▶ _Problem description_
I'd like the data below restated word for word, with the pictures left out.

▶ _Dataset extract_
*****

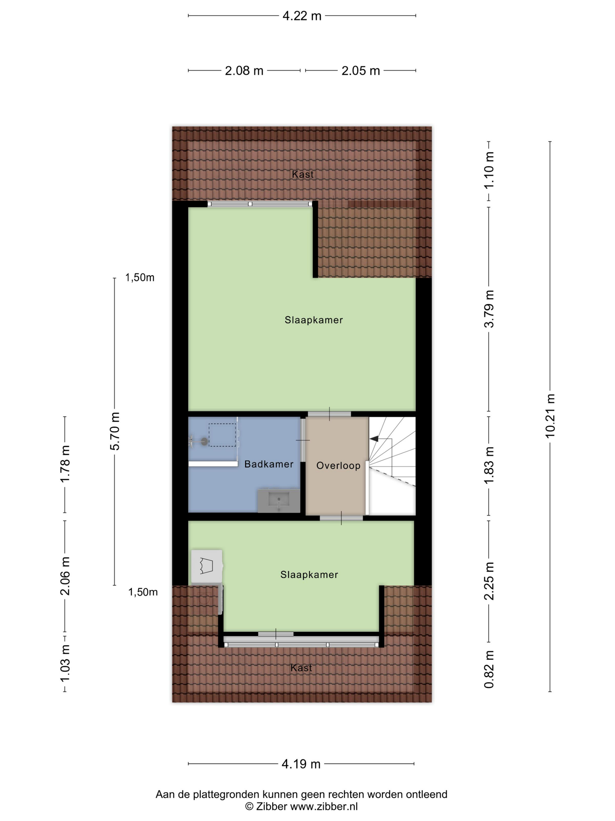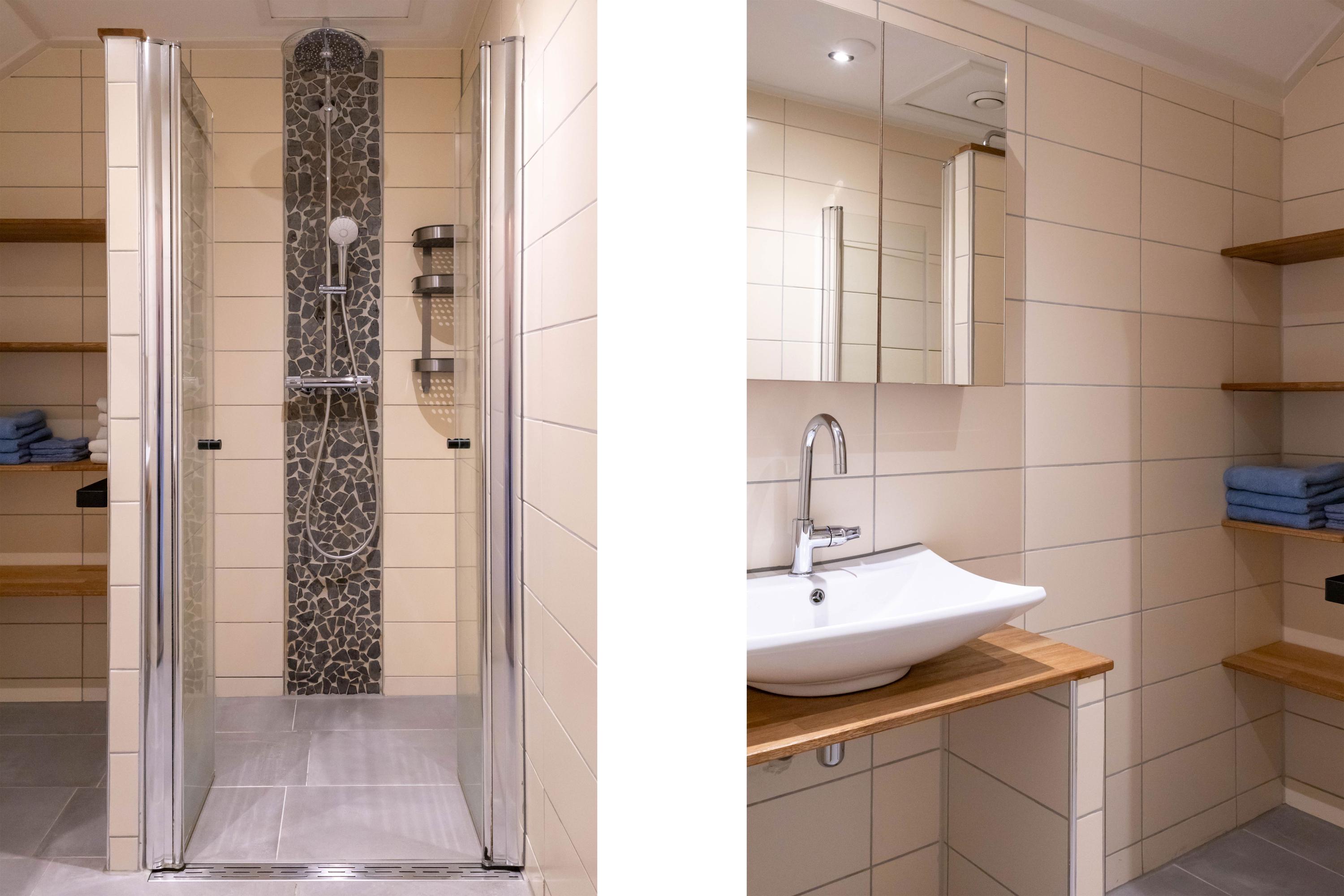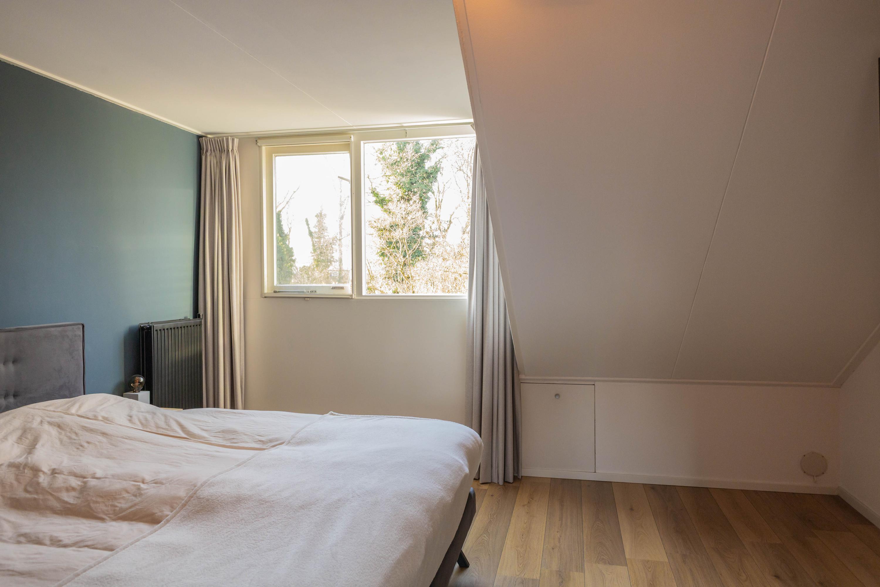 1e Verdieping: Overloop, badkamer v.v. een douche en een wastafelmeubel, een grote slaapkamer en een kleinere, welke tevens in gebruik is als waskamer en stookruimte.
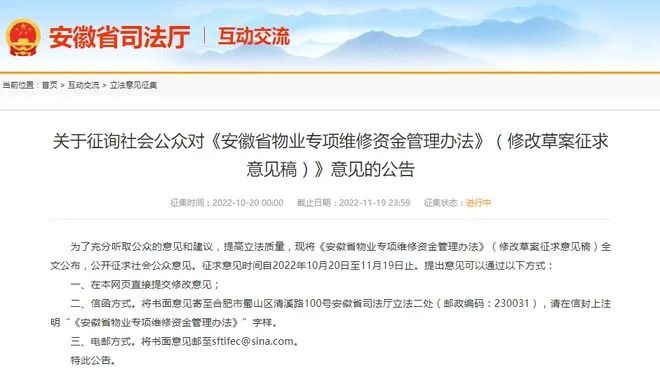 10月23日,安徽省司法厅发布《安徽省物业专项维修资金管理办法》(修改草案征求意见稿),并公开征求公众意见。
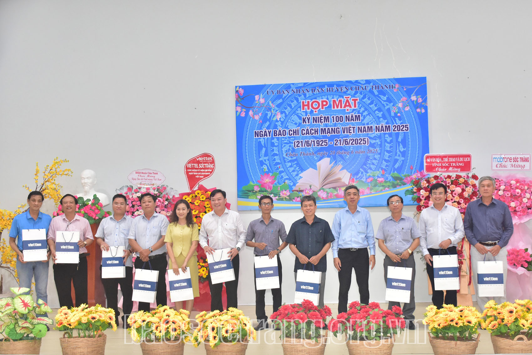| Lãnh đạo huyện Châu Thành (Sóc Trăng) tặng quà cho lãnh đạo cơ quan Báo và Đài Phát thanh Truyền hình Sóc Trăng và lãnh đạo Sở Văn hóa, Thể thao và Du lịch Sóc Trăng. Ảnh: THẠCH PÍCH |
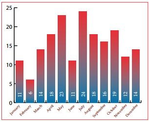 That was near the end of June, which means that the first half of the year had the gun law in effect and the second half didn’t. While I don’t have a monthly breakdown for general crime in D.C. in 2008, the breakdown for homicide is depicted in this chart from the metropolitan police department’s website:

*****

▶ _Response_
 1e Verdieping: Overloop, badkamer v.v. een douche en een wastafelmeubel, een grote slaapkamer en een kleinere, welke tevens in gebruik is als waskamer en stookruimte.
 10月23日,安徽省司法厅发布《安徽省物业专项维修资金管理办法》(修改草案征求意见稿),并公开征求公众意见。
| Lãnh đạo huyện Châu Thành (Sóc Trăng) tặng quà cho lãnh đạo cơ quan Báo và Đài Phát thanh Truyền hình Sóc Trăng và lãnh đạo Sở Văn hóa, Thể thao và Du lịch Sóc Trăng. Ảnh: THẠCH PÍCH |
 That was near the end of June, which means that the first half of the year had the gun law in effect and the second half didn’t. While I don’t have a monthly breakdown for general crime in D.C. in 2008, the breakdown for homicide is depicted in this chart from the metropolitan police department’s website:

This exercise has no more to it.